Reputation: 572
How can I implement linear interpolation between two PySpark DataFrames representing data for different years, say 2020 and 2030, to generate a new PySpark DataFrame for an intermediary year like 2025? Both DataFrames have identical structures with numeric values.
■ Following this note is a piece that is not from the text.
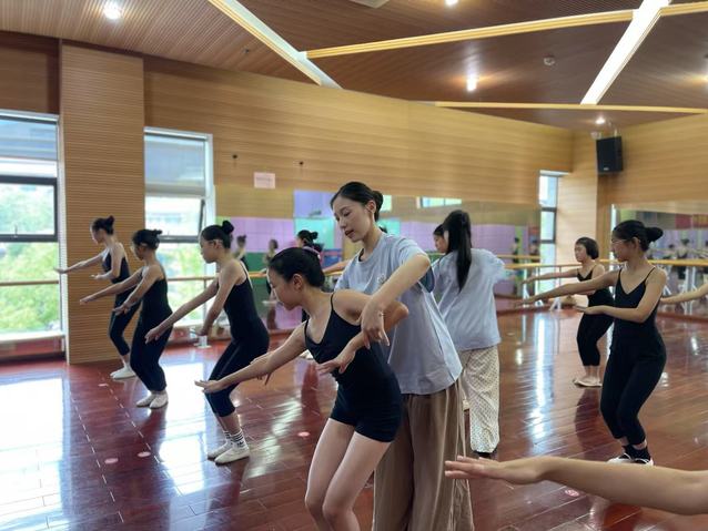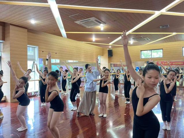 7月7--8日,实践团共同前往此次实践活动第一站——丽水市青少年宫,开展公益教学活动。此次实践中,团队成员分工明确,协同青少年宫带班教师,分别完成包括少儿舞蹈四级一期班、四级三期班、七级班、九级二班、九级四班、十级班等在内的舞蹈公益课程,通过技能教授、思政课堂等形式积极投身青少年文化艺术教育实践,以多元的教学内容为青少年健康成长注入青春力量。在基本功训练、动作示范等方面耐心指导学生;在舞蹈《灯火里的中国》教学过程中,团队结合舞蹈意境和音乐节奏,帮助孩子们在艺术实践中体会家国情怀。今年是中国人民抗日战争暨世界反法西斯战争胜利80周年,7月7日正值全民族抗战爆发88周年纪念日,团队以此为契机开展思政小课堂,通过讲述抗战英雄与体育榜样的故事,引导青少年树立拼搏进取、团结协作的精神品质,厚植爱国主义情怀。

The years have the same granularity.
My initial approach involved https://spark.apache.org/docs/latest/api/python/reference/pyspark.pandas/api/pyspark.pandas.DataFrame.interpolate.html
Is this the recommended way?
I have written this Pandas method awhile back, but I need to mgirate to Pyspark, but I struggle to implement the same in Pandas.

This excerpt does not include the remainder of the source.